DATA TO EXAMINE:
# # #

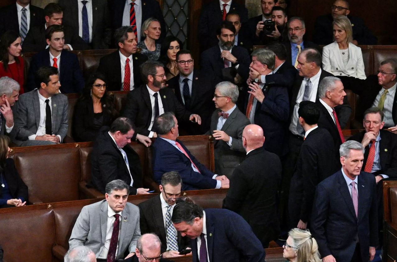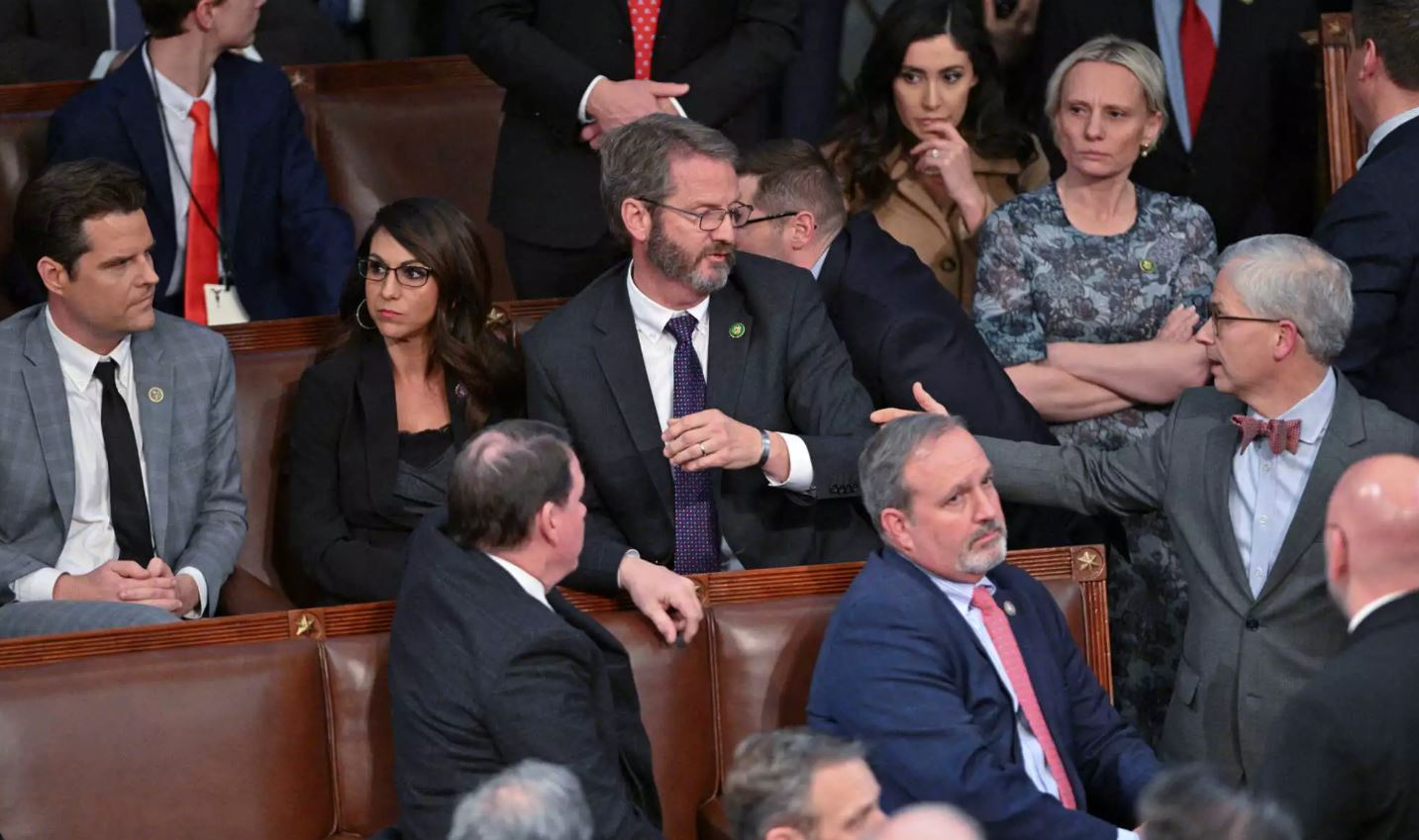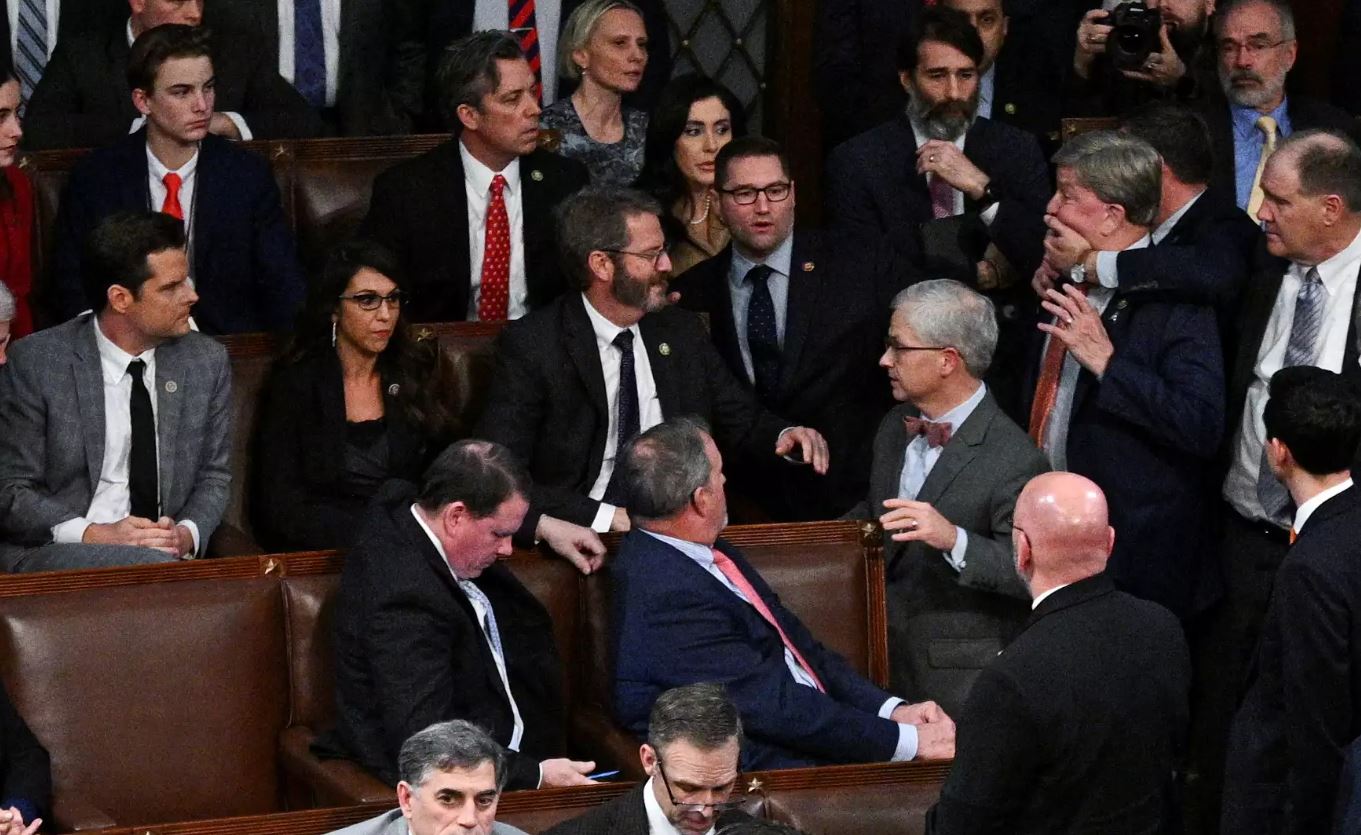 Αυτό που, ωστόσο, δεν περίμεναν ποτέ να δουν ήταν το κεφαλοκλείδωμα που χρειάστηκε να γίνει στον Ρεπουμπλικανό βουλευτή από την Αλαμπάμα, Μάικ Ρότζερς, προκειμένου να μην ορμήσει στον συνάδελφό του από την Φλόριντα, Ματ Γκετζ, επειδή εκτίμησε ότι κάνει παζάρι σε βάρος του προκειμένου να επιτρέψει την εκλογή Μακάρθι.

# # #

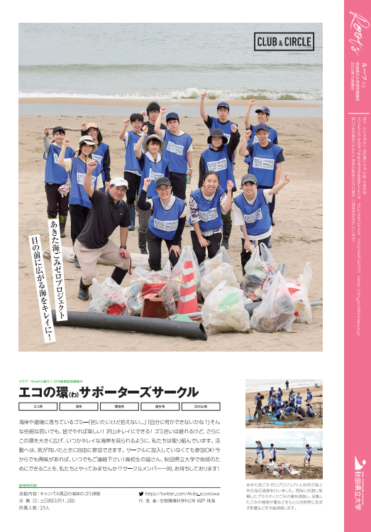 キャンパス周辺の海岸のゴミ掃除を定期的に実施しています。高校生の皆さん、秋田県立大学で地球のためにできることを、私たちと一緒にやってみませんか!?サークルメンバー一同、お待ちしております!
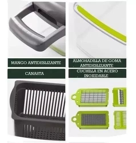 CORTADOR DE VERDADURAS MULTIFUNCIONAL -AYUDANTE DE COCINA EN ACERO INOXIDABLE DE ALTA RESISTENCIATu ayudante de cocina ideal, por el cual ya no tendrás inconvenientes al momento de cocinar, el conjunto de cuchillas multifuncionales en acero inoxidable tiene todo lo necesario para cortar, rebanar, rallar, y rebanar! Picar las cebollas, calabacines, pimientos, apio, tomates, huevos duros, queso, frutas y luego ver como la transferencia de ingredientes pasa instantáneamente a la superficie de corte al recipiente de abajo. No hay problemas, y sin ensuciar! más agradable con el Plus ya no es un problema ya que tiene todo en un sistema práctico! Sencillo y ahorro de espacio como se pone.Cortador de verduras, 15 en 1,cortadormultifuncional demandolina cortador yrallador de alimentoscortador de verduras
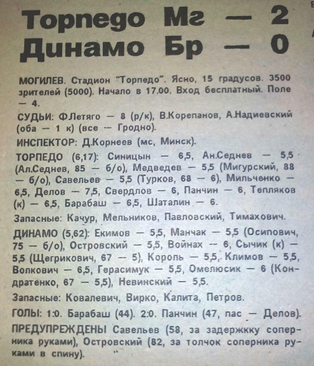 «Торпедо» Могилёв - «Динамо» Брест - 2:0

# # #

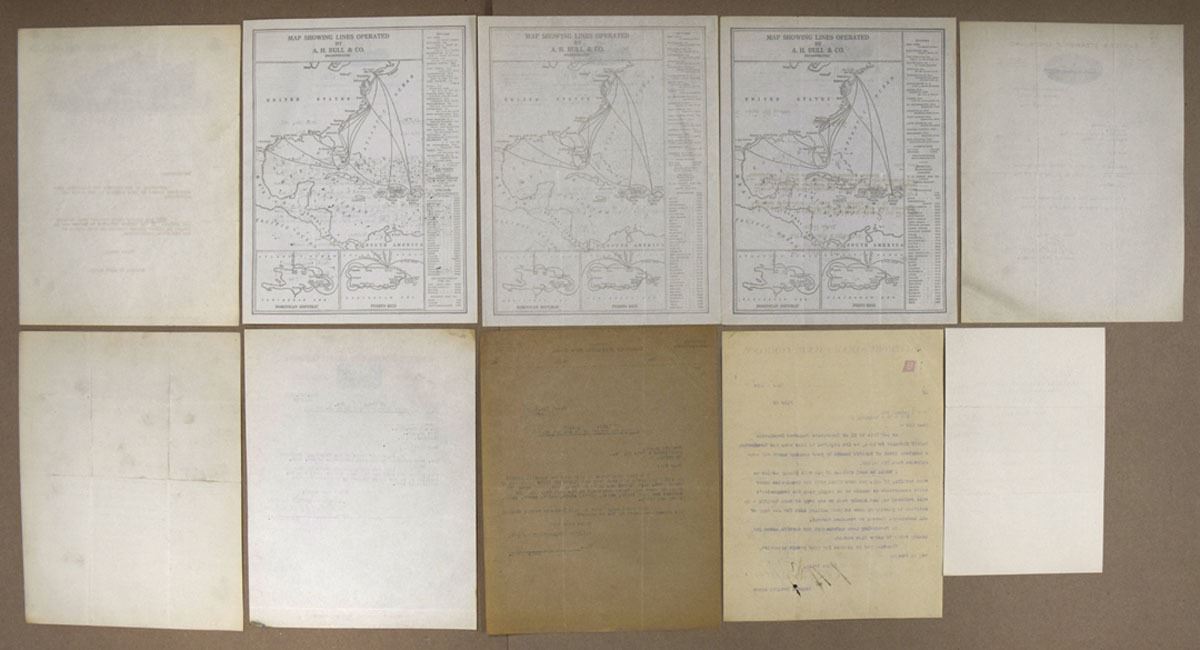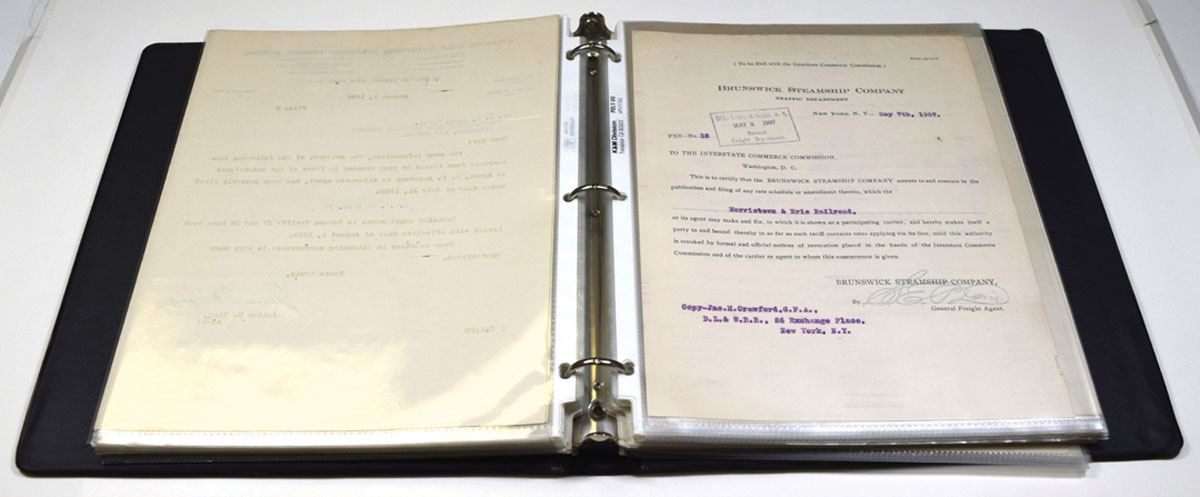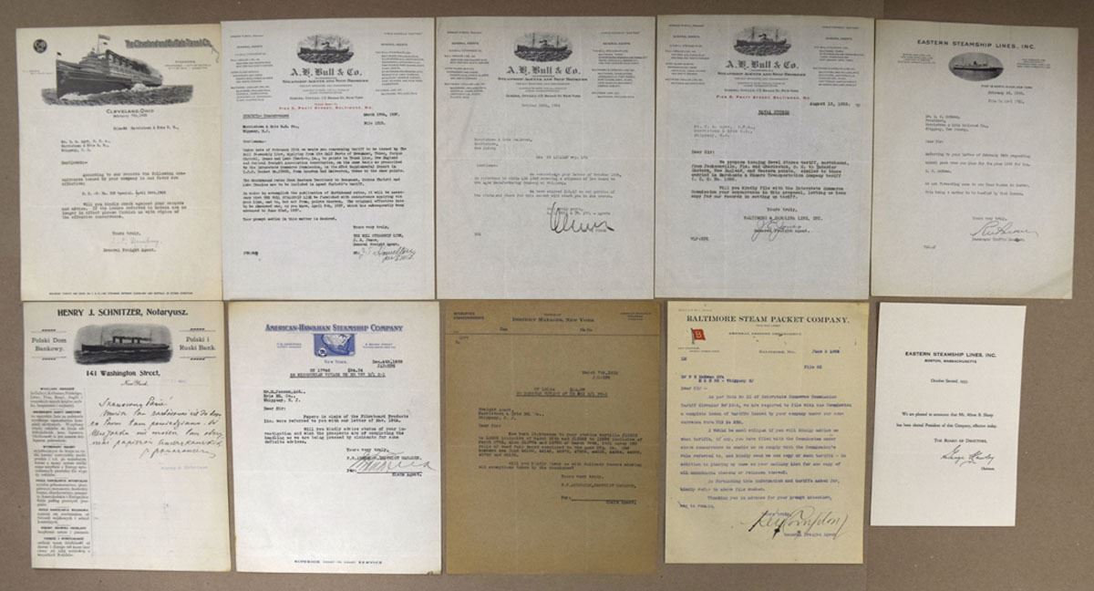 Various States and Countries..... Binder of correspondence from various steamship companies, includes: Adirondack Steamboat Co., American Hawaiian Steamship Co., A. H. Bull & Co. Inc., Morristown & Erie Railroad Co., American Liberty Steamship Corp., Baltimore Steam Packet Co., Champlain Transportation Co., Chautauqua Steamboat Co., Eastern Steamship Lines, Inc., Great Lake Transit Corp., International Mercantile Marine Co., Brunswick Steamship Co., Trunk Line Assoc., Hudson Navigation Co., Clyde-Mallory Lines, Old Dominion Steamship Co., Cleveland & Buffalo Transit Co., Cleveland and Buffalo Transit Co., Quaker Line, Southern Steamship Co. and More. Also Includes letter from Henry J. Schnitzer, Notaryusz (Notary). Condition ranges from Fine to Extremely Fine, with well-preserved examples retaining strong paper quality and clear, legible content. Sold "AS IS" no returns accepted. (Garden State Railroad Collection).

# # #

WORK ITEM:
Take the material above and output only the lines from the one that contains "キャンパス周辺の海岸のゴミ掃" through the one that contains "Брест - 2:0", ends included and images left out.

EXERCISE RESPONSE:
 キャンパス周辺の海岸のゴミ掃除を定期的に実施しています。高校生の皆さん、秋田県立大学で地球のためにできることを、私たちと一緒にやってみませんか!?サークルメンバー一同、お待ちしております!
 CORTADOR DE VERDADURAS MULTIFUNCIONAL -AYUDANTE DE COCINA EN ACERO INOXIDABLE DE ALTA RESISTENCIATu ayudante de cocina ideal, por el cual ya no tendrás inconvenientes al momento de cocinar, el conjunto de cuchillas multifuncionales en acero inoxidable tiene todo lo necesario para cortar, rebanar, rallar, y rebanar! Picar las cebollas, calabacines, pimientos, apio, tomates, huevos duros, queso, frutas y luego ver como la transferencia de ingredientes pasa instantáneamente a la superficie de corte al recipiente de abajo. No hay problemas, y sin ensuciar! más agradable con el Plus ya no es un problema ya que tiene todo en un sistema práctico! Sencillo y ahorro de espacio como se pone.Cortador de verduras, 15 en 1,cortadormultifuncional demandolina cortador yrallador de alimentoscortador de verduras
 «Торпедо» Могилёв - «Динамо» Брест - 2:0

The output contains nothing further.